One of his fellow animators, Connor—who was one of the few younger than Henry—had gotten a call earlier from his parents. They wouldn’t be able to pick his little sister up from kindergarten and insisted he do so instead. Not having planned to leave early, Connor still had a hefty bit of drawings left. Henry and a few others had offered to take what remained by the time he had to leave, with Henry accepting the most intricate, time-consuming sequence.
So, by this point, there couldn’t be more than a dozen or so people left in the studio. No way to ask around if anyone had moved the documents, and waiting until everyone arrived tomorrow morning would be too late, if what Mr. Drew said was true.
Henry stopped in the foyer. The intern had said he’d put them in a file tray.
Turning on his heel, he headed for the nearest stairwell.
• • •
The intern and the other two men had vanished by the time Henry made it back up to the ground floor some time later and found Mr. Drew in his office, elbows on his desk as he rubbed his face.
His door was open, so Henry didn’t bother knocking. Just stepped into the room and said, “Mr. Drew.”
His head snapped up. He looked tired and beyond annoyed, but once again, the clear urge to snap at Henry visibly drained out of his eyes. “I thought you’d left, Henry.”
Given it was fairly obvious he hadn’t, Henry didn’t bother replying to that. He instead walked up to the front of Mr. Drew’s desk and brandished a strip of paper, barely two inches wide, at him. “I don’t suppose this looks like one of the missing documents?”
Mr. Drew half raised his hand as he leaned forward, squinting. He went from doubtful to shocked in a blink. He snatched the slip and examined it closely. “Yes, yes, where did you get this? Why has it been cut?”

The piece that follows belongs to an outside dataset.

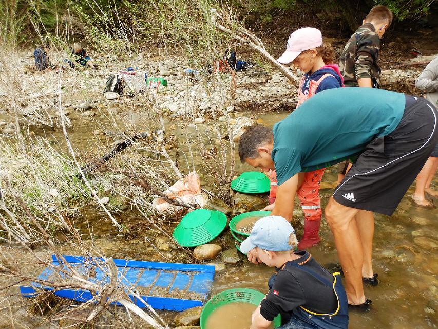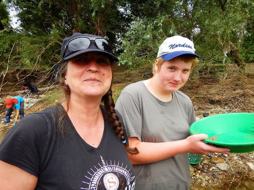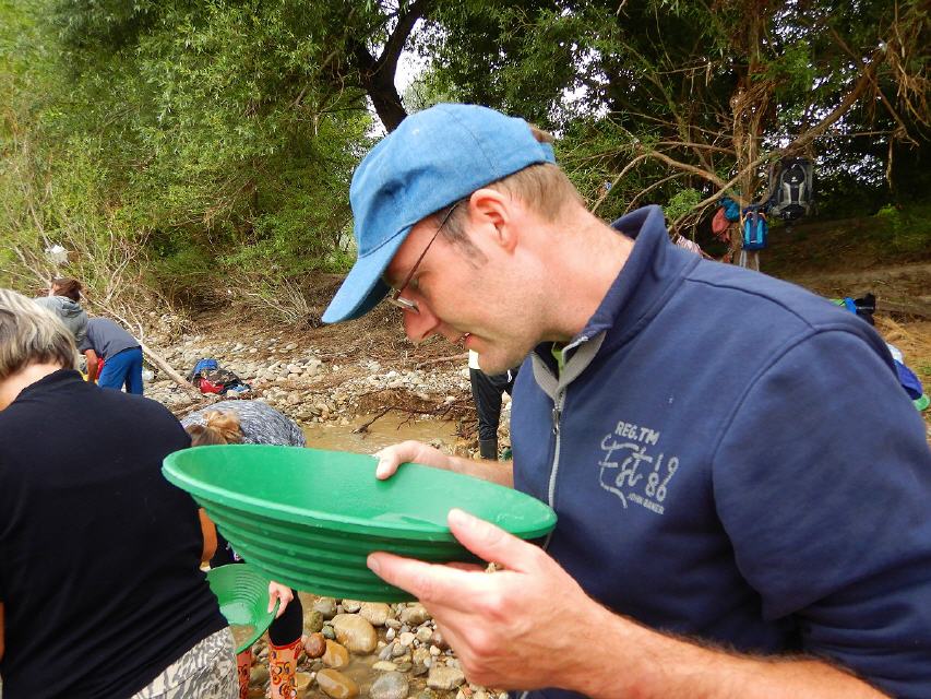 Die Teilnehmer waren mit Eifer bei der Sache, schaufelten die oberen Sand- und Geröllschichten frei, um an den begehrten, goldhaltigen Sand zu gelangen. Dieser musste lediglich reingewaschen werden. Was sich so einfach anhört, gestaltet sich in der Praxis dann doch etwas komplizierter. Denn es erfordert ein wenig Übung, den richtigen Dreh herauszubekommen, bis endlich nur noch die schweren Sande in der Pfanne verbleiben, während die leichten über den Pfannenrand fortgespült sind. Abschließend genügt ein leichter Schwenk, bis der darunter liegende "schwarze Sand" (Magnetit) auf dem Pfannenboden haften bleibt. Mit etwas Glück tauchen darin Goldflitterchen auf. Manchmal sind es sogar mehrere.

“I was worried you’d say that.” He turned and headed for the door, hearing Mr. Drew scramble to follow him. Henry kept a quick pace all the way to his destination, for once not feeling the need to slow down to accommodate someone else. Mr. Drew, who was quite a bit taller than him, easily matched his speed.

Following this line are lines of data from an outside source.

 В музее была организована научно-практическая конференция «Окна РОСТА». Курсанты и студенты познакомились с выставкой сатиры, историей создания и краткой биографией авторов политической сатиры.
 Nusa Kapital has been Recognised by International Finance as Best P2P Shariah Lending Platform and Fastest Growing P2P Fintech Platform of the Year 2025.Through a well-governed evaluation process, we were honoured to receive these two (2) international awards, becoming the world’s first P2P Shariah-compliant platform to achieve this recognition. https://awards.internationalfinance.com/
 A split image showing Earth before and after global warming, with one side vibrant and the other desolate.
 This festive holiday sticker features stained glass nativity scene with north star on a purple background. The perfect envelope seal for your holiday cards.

They ended up in the art department, where Henry lifted a hefty box full of identically cut strips of paper and dropped it on one of the long wooden tables. “I got it from here.”
Mr. Drew stared at the box, easily full of hundreds, if not thousands, of cut pieces of paper and wasn’t quite able to hide the new despair.
“Out of the frying pan,” Henry said, commiserating.
With a sigh, Mr. Drew gamely finished, “And into the fire. I appreciate it nonetheless, Henry. One step forward, no matter how small, is still one step forward. You enjoy the rest of your day now, y’hear?”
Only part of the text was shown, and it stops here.